▶ STORED DATA
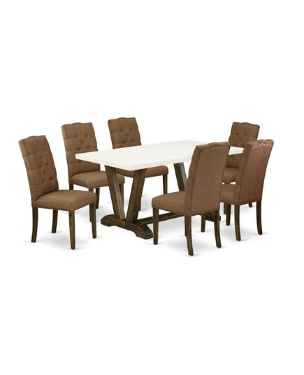 East West Furniture V726EL718-7 - 7-Piece Small Dining Table Set - 6 Dining Room Chairs and a Rectangular Dining Table Solid Wood Frame
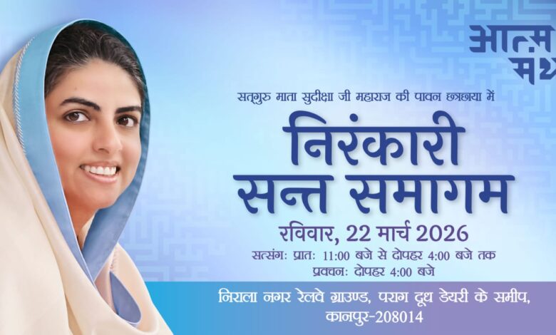 सतगुरु माता सुदीक्षा जी महाराज एवं निरंकारी राजपिता रमित जी की दिव्य एवं करुणामयी छत्रछाया में 22 मार्च 2026 को कानपुर के निराला नगर स्थित रेलवे ग्राउंड (पराग डेयरी के समीप) में उत्तर प्रदेश का भव्य राज्य स्तरीय निरंकारी संत समागम श्रद्धा, समरसता और आध्यात्मिक उल्लास के साथ आयोजित किया जाएगा। यह पावन आयोजन मानवता, विश्वबंधुत्व और आध्यात्मिक जागृति का प्रेरणास्रोत बनेगा।
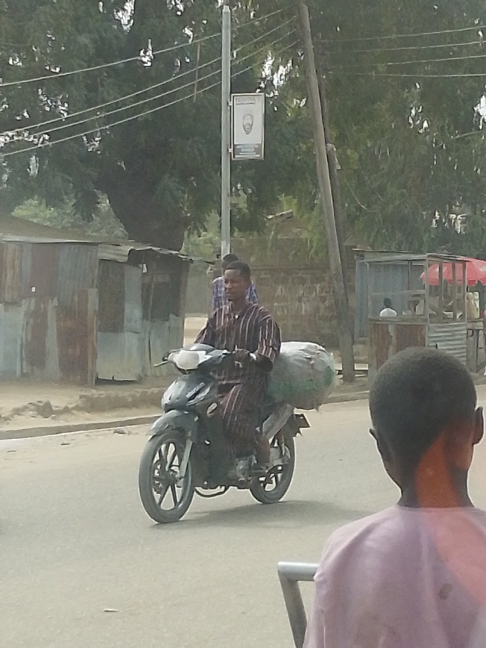 This image captures a daytime street scene in Hotoro North, Nigeria. In the immediate foreground, facing away from the viewer towards the middle ground, is the back of an individual's head and shoulders, wearing a light-colored, possibly lavender, garment. In the middle ground, a dark-skinned male operates a dark-colored Suzuki motorcycle, moving from left to right across the frame. He wears a long-sleeved garment with vertical dark and light stripes. A large, light-colored, possibly green, sack or bundle is secured to the rear of the motorcycle, extending behind the rider. The motorcycle has front and rear wheels with multi-spoke rims. The background features a dusty, paved road. On the left side of the road, several informal structures constructed from rusted or weathered corrugated metal sheets are visible. Behind these structures, a large tree with dense green foliage dominates the upper left. A light grey utility pole stands centrally on the left, adorned with a rectangular white banner displaying the word "TARBIYA" and a stylized depiction of a bearded face. Multiple overhead utility wires extend horizontally across the upper portion of the image. To the right of the motorcycle, a low stone wall is visible, behind which a small kiosk or stall-like structure with a red umbrella can be seen. Another individual in a white shirt is partially visible within or near this stall. Further individuals are indistinctly present in the left background, near the corrugated structures. The scene depicts general urban street activity.

▶ EXERCISE DESCRIPTION
Everything from the first line of the listing above through the line that contains "सतगुरु माता सुदीक्षा" is to be restated word for word, minus the pictures.

▶ EXERCISE SOLUTION
 East West Furniture V726EL718-7 - 7-Piece Small Dining Table Set - 6 Dining Room Chairs and a Rectangular Dining Table Solid Wood Frame
 सतगुरु माता सुदीक्षा जी महाराज एवं निरंकारी राजपिता रमित जी की दिव्य एवं करुणामयी छत्रछाया में 22 मार्च 2026 को कानपुर के निराला नगर स्थित रेलवे ग्राउंड (पराग डेयरी के समीप) में उत्तर प्रदेश का भव्य राज्य स्तरीय निरंकारी संत समागम श्रद्धा, समरसता और आध्यात्मिक उल्लास के साथ आयोजित किया जाएगा। यह पावन आयोजन मानवता, विश्वबंधुत्व और आध्यात्मिक जागृति का प्रेरणास्रोत बनेगा।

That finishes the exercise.